Marullo’s issues are overruled.4
III. Conclusion
Having overruled Marullo’s issues, we affirm the trial court’s order dismissing the suit without prejudice.
. The letter continued, "We will keep your Sologic email and database access open so that you can continue to correspond with students that you will be teaching as a contractor.”
. The defendants also relied on a merger clause within the 2014 contract. Because we conclude that the forum-selection clause is dispositive regardless of the merger clause, we do not recite the arguments and facts concerning the merger clause in detail. See Tex. R. App. P. 47.1.
. Other United States Courts of Appeals have reached similar conclusions when faced with broad arbitration clauses that are not limited to claims arising from the agreement. See Watson Wyatt & Co. v. SBC Holdings, Inc., 513 F.3d 646, 649-50 (6th Cir. 2008) (requiring arbitration for claims accruing before the agreement when the clause applied to “any dispute or claim arising from or in connection with this agreement or the services provided by [defendant],” because the claims arose out of “services” provided by the defendant); Kristian v. Comcast Corp., 446 F.3d 25, 33-34 & n.5 (1st Cir. 2006) (requiring arbitration for claims accruing before the agreement when the clause applied to "any claim or dispute arising out of this agreement or the services provided,” and "services” was a defined term not limited by “this agreement"); Zink v. Merrill Lynch Pierce Fenner & Smith, Inc., 13 F.3d 330, 331-32 (10th Cir. 1993) (requiring arbitration when the clause applied to "any controversy between us arising out of your business or this agreement”; reasoning that the clause was "clearly broad enough to cover the dispute at issue despite the fact that the dealings giving rise to the dispute occurred prior to the execution of the agreement”); see also Levin v. Alms & Assocs., Inc., 634 F.3d 260, 266-67 (4th Cir. 2011) (requiring arbitration for claims accruing before the agreement when the clause stated that "[a]ny dispute shall be submitted to binding arbitration”).
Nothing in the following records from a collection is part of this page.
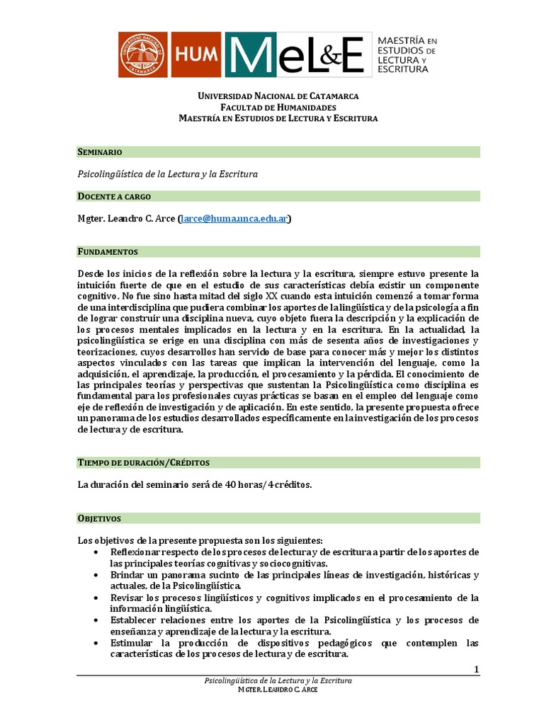 Mgter. Leandro C. Arce (larce@huma.unca.edu.ar)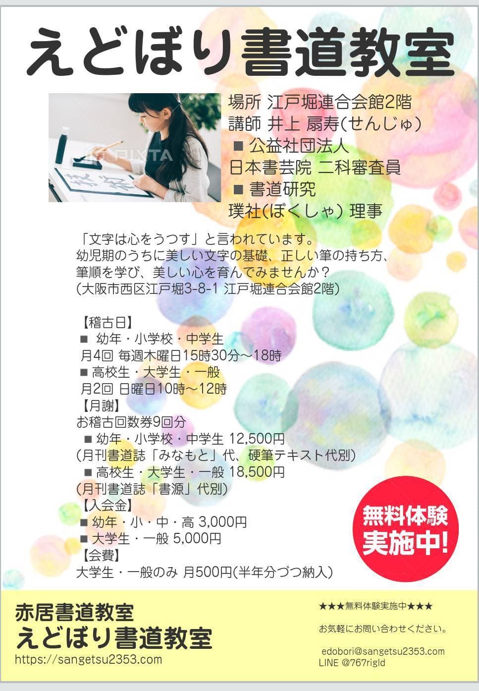| 幼年~中学生 | チケット制(12,500円/9回分) (全国版競書誌「みなもと」代別) |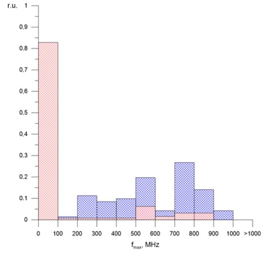 Maximum frequencies (fmax) in the wavelet specter of induced signals: 11–170 MHz; 900–1000 MHz. Frequencies corresponding to the maximal intensity of the wavelet specter (f(Cmax)) of induced signals: 0.1–8 MHz; 90–100 MHz.

. As mentioned above, we do not reach Ma-rullo’s issues concerning the 2014 contract’s merger clause because the plain language of the forum-selection clause is dispositive. And, to the extent Marullo argues in his opening brief that the forum-selection clause is "unfair,” noting a "wide disparity in bargaining power,” Marullo clarifies in his reply brief that he is not seeking to void the clause based on "undue influence, unconscionability, or a similar defense.” Marullo acknowledges that the clause is "perfectly valid,” "the product of a standard arms-length, commercial, negotiation,” and not "a product of improper coercion or any such perniciousness.”